Simply put, they will be those platforms that are the hardest to replicate and offer the deepest capabilities that are key to value identification, like optimization, advanced predictive and prescriptive analytics, cognitive process automation, semantic risk identification and monitoring etc — whether the platform is a standalone best of breed platform in a financially stable 10M company or part of a suite of a larger 100M company or just one module in a suite in stable of suites in a 1B enterprise. So don’t try to guess which vendor will survive, instead focus on what platform will survive — and chances are you will be setting your organization up for success.

RPA: Are We There Yet?

Nope. Not even close.
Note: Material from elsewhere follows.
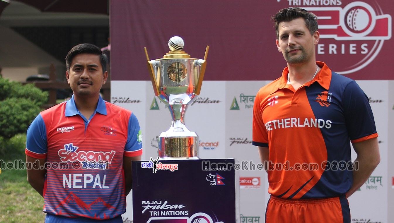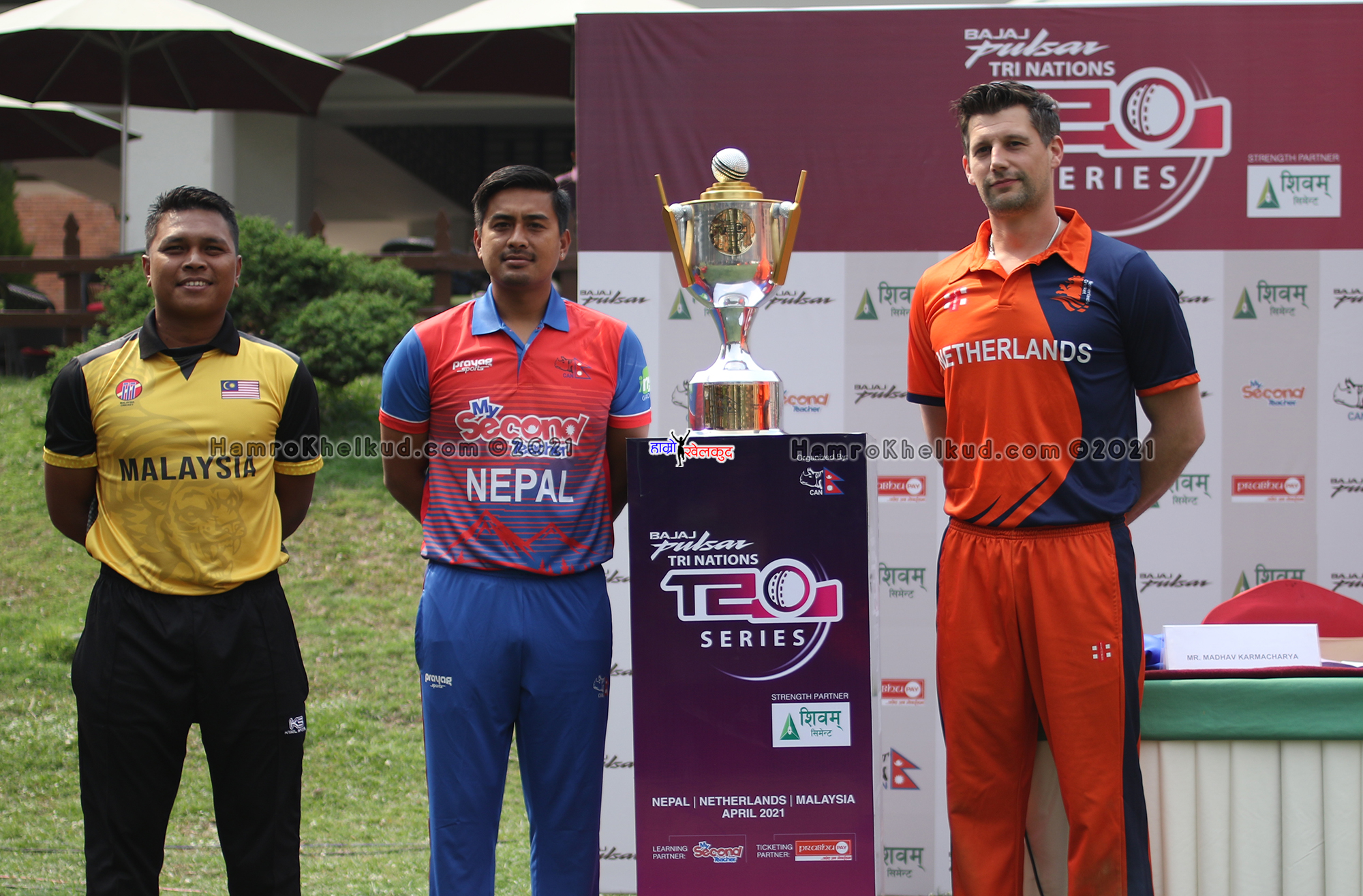 काठमाडौं (हाम्रो खेलकुद) – शनिबार टियुमा सुरु हुने नपाल, नेदरल्यान्ड्स र मलेसियाबीच हुने त्रिकोणात्मक टि२० आई सिरिजको ट्रफी सार्वजनिक भएको छ । नेपाल क्रिकेट संघ (क्यान) ले शुक्रबार एक पत्रकार सम्मेलन गर्दै नेपालका कप्तान ज्ञानेन्द्र मल्ल, नेदरल्याड्सका पिटर सीलार र मलेसिया कप्तान फैज अहमदलाई राख्दै ट्रफी सार्वजनिक गरेको हो । जर्मनीमा निर्मित उक्त ट्रफीमा स्वरोभ्सकी […]

And a recent Hackett study proves it.

Earlier this month, The Hackett Group released a point of view on Robotic Process Automation: A Reality Check and a Route Forward where they noted that while early initiatives have produced some tangible successes, many organizations have yet to scale their use of RPA to a level that is making a major impact on performance, likely because RPA has come with a greater-than-expected learning curve.

Right now, mainstream adoption of RPA is 3% in Finance, 3% in HR, 7% in Procurement, and 10% in GBS – Global Business Services. Experimentation (referred to as limited adoption) is higher, 6% in HR, 18% in Finance, 18% in Procurement, and 29% in GBS, but not that high, especially considering the high learning curve for the average organization will end up with a number of these not continuing the experiment.

Due to the large amount of interest, Hackett is predicting that, within 3 years, RPA will be mainstream in 11% of HR Organizations, a 4X increase, 30% of Procurement, a 4X increase, 38% of Finance, a 12X increase, and 52% in GBS, a 5X increase, as well as increases in experimentation. Experimentation will definitely increase due to the hotness of the topic, but mainstream adoption will require success, and as Hackett deftly notes, successful deployment requirements have certain key prerequisites too:

  • digital inputs
  • structured data
  • clear logical rules can be applied

And when the conditions are right, organizations:

  • realize operational cost benefits
  • have less errors and more consistent rule application
  • benefit from increased productivity
  • are able to refocus talent on higher-value work
  • strengthen auditability for key tasks
  • have enhanced task execution data to analyze and improve processes

But this is not enough for success. Hackett prescribes three criteria for success, which they define as:

  • selecting the right RPA opportunities
  • planning the journey
  • building an RPA team or COE

and you’ll have to check out Robotic Process Automation: A Reality Check and a Route Forward for more details, but is this enough?

Maybe, maybe not. It depends on how good of an RPA team is built, and how good they are at identifying appropriate use cases for RPA, and how good they are at the successful implementation. Success breeds success, but failure eliminates the option of continued use of RPA, at least until a management changeover.